Lindsay Lohan with Carmen Steffens evening clutch, annual amfAR fundraiser at the Cannes Film Festival, Hotel Eden Roc in Cap D’Antibes, May 2017.

In many parts of the world, clutch bags never went away but in the west, the increasing emancipation in the nineteenth century meant bags became larger and the clutch all but disappeared.   It was the resurgence of classical style dresses in the 1920s which led to its revival because it was an ideal accessory for the diaphanous flapper dresses of the era, a style which didn’t detract from the line of the body.  They’ve not since faded from popularity and are now an essential fashion accessory, performing also the socially invaluable function of giving the hands something to do. Because clutch purses so often tend to the rectangular in all aspects, they’re often styled using the motifs associated with the art deco era of the early-mid twentieth century and most designers seem to favor the elaborate, decorative styles of the earlier (pre 1929 Wall Street crash) art deco.  Given the small size of a clutch purse, this can be a challenge to implement but so can the more simplified plays of flattened and stylized geometric shapes or abstract patterns.

Cadillac, Ferrari and the clutch pedal

Although not all early Ferraris were so equipped and by 1976 the 400 GT was even offered with an automatic transmission (General Motors’ famously robust Turbo-Hydramatic 400), the open-gate shift was for decades a motif associated with the marque.  However, advances in hydraulics and electronics meant that by the early twenty-first century, the inefficiencies and technical disadvantages attached to automatic transmissions had been overcome to the point where no Ferrari with a manual transmission, however expertly driven, could match their performance.  Using automatic transmissions meant a clutch pedal was no longer necessary but it didn’t mean clutches were deleted; instead they were automated.  Scuderia Ferrari first used the technology in the Tipo 640 Formula One car in 1989 and any doubts about its speed or reliability were quickly allayed, the machine winning at its maiden appearance in the Brazilian Grand Prix.  Development continued and in 1997, the automated system, dubbed F1, was offered as an option in the F355, the first road car so equipped, the electro-hydraulic system operated by paddles behind the steering wheel linked to the F355's otherwise conventional 6-speed manual transmission.

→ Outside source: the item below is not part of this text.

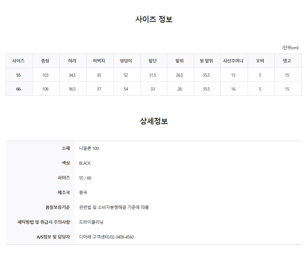 | 세탁방법 및 취급시 주의사항 | 상품상세설명참조 |
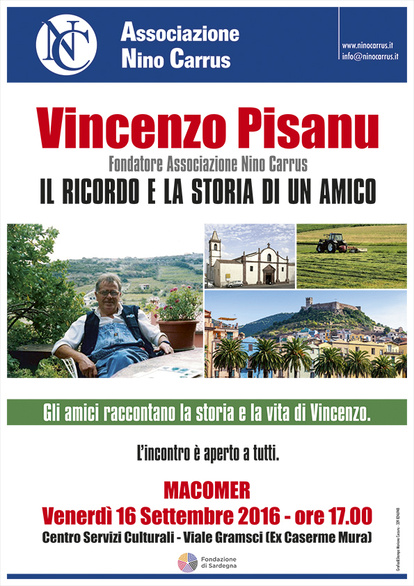 Gli amici provenienti da tutta la Sardegna si incontreranno il 16 settembre a Macomer per ricordare con testimonianze personali la storia e la figura di Vincenzo Pisanu. Non sarà una commemorazione triste ma un incontro ricco di ricordi, fatti e vicende, anche piacevoli, che serviranno a raccontare la vita di questo nostro caro amico.

It certainly started a trend and paddles quickly become almost a de rigueur piece of technology for high-performance cars, the occasional old style, three-pedal model released only to cater for the dwindling number of drivers who enjoyed the experience of the way things used to be done.  In Ferrari dealerships, the numbers dwindled fast and the last Ferrari with a manual transmission left the factory late in 2011, the replacement a dual-clutch transmission (also called twin-clutch or double-clutch) which used two separate clutches for odd and even gear sets.  The two separate transmissions had their respective clutches contained in one housing and worked as a single unit.  The model which enjoyed the distinction of providing a swansong for the old open gate was the California.  Upon release in 2008 it was estimated between 5-10% of buyers would opt for a clutch pedal but, between then and late 2011, a mere three were ordered (some sources say two or five but the factory insists it was three).

2012 Ferrari California (top) and 2012 Cadillac CTS-V sedan.

So the last decade at Maranello has been automatic (technically “automated manual transmission”) all the way and although a consequence of the quest for ultimate performance, it wasn’t anything dictatorial and had customer demand existed at a sustainable level, the factory would have continued to supply manual transmissions.  Amusingly, Cadillac had in 2004 begun offering a model with a manual transmission for the first time since the 1953 Series 75 (among the Cadillac crowd the Cimarron (1982-1988) is never spoken of except in the phrase "the unpleasantness of 1982" ) and by 2013, while one could buy a Cadillac with a clutch pedal, one could not buy such a Ferrari.  For most of the second half of the twentieth century, few would have thought that anything but improbable or unthinkable.